Cosa ha fatto la mia cliente. Cosa ha scoperto. (Non era quello che si aspettava).
La mia cliente ha fatto l’esercizio una sera, appena chiusa una chiamata con sua madre.
La conversazione con la madre l’aveva anche resa curiosa, cioè capire quanto altre voci stessero ancora camminando con lei.
Seduta sul letto e con un tè caldo sul comodino, inizia a leggere l’esercizio. Ha preso il suo journal, e con un sentimento fra curiosità e timore, inizia a scrivere.
Ha risposto subito alle domande nella prima colonna. Conosceva quelle risposte a memoria. Ha scritto la parola “sola” per descrivere il parere del giudice.
Si è fermata a pensare per la seconda colonna. Ha scritto la parola “libera” con la sua voce. Poi ha confrontato le due parti: le risposte erano diverse su quasi tutto. Lei e il giudice non erano mai stati d’accordo. Eppure, il suo valore lo misurava con criteri che non le appartenevano.
“Rispondevo a una domanda a cui avevo già dato una risposta.
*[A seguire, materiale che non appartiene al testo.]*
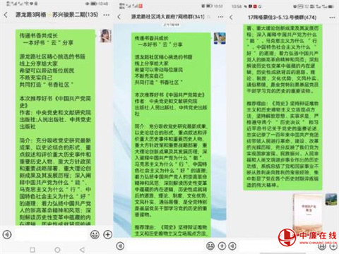 传递书香共成长,一本好书“云”分享。为大力倡导“多读书、读好书、好读书”的文明风尚,营造全民读书终身学习的良好社会氛围,源龙路社区开展“一本好书“云”分享”线上好书推荐活动,通过网格员在居民微信群线上推荐形式,向党员群众推荐《中国共产党简史》《习近平新时代中国特色社会主义思想专题摘编》《鎏金岁月——兴安盟红色故事汇》等图书,通过线上好书分享活动,在社区内营造了浓厚的线上读书氛围,掀起了“爱读书、读好书、善读书”的文明风尚,进一步提升了社区文化服务水平。
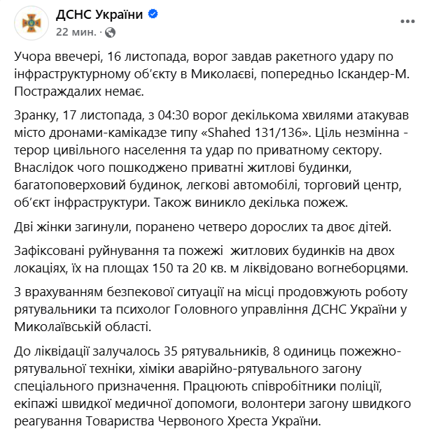 Сьогодні вранці росіяни кількома хвилями атакували Миколаїв дронами-камікадзе на кшталт "Shahed 131/136". Загинули дві жінки, ще шестеро людей поранено, серед них двоє дітей.

Non mi fidavo abbastanza della mia idea. Per questo non la usavo mai.”
Ha preso una decisione pratica. Avrebbe risposto solo una volta alla prossima domanda, con la sua parola, e sarebbe passata subito ad altro. Non voleva più dare spiegazioni per venti minuti.
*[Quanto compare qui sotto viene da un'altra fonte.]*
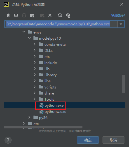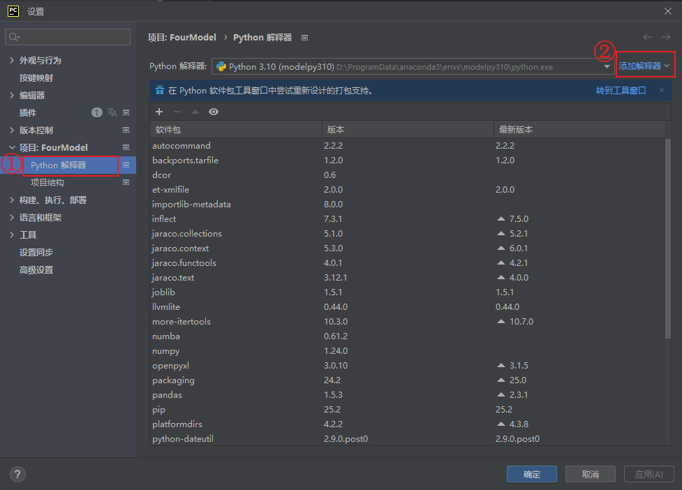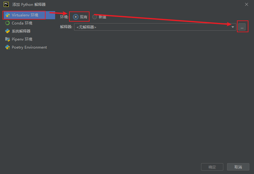 然后打开pycharm设置,点击【python解释器】-【添加解释器】,然后在添加解释器界面依次点击图中箭头所指的位置,最后在选择python解释器界面找到目标虚拟环境所在的文件夹,点击【python.exe】确定就结束了(虚拟环境所在的文件夹可以在第一张图查看虚拟环境中找到)。

L’occasione è arrivata presto. La settimana durante le vacanze, sua madre ha fatto la stessa domanda, quasi con le stesse parole. Lei ha risposto con una frase: stava bene, il lavoro sarebbe arrivato. Poi ha cambiato discorso.
Sua madre non ha cambiato idea. La mia cliente però ha smesso di discutere a lungo: prima dava spiegazioni per venti minuti, e ora usa una frase sola. Ha recuperato energia che può investire su stessa.
La mia cliente si alza dalla sedia e cammina verso la cucina.
Poi, si rivolge alla madre e le dice “Faccio un caffè, lo prendi?”.
Per quella volta il Giudice è rimasto senza spiegazioni, ma con un delizioso caffè.
Ora tocca a te.
Scrivere la frase del tuo giudice è il primo passo. Il secondo è decidere cosa vuoi fare tu, ora che non devi più rispondergli.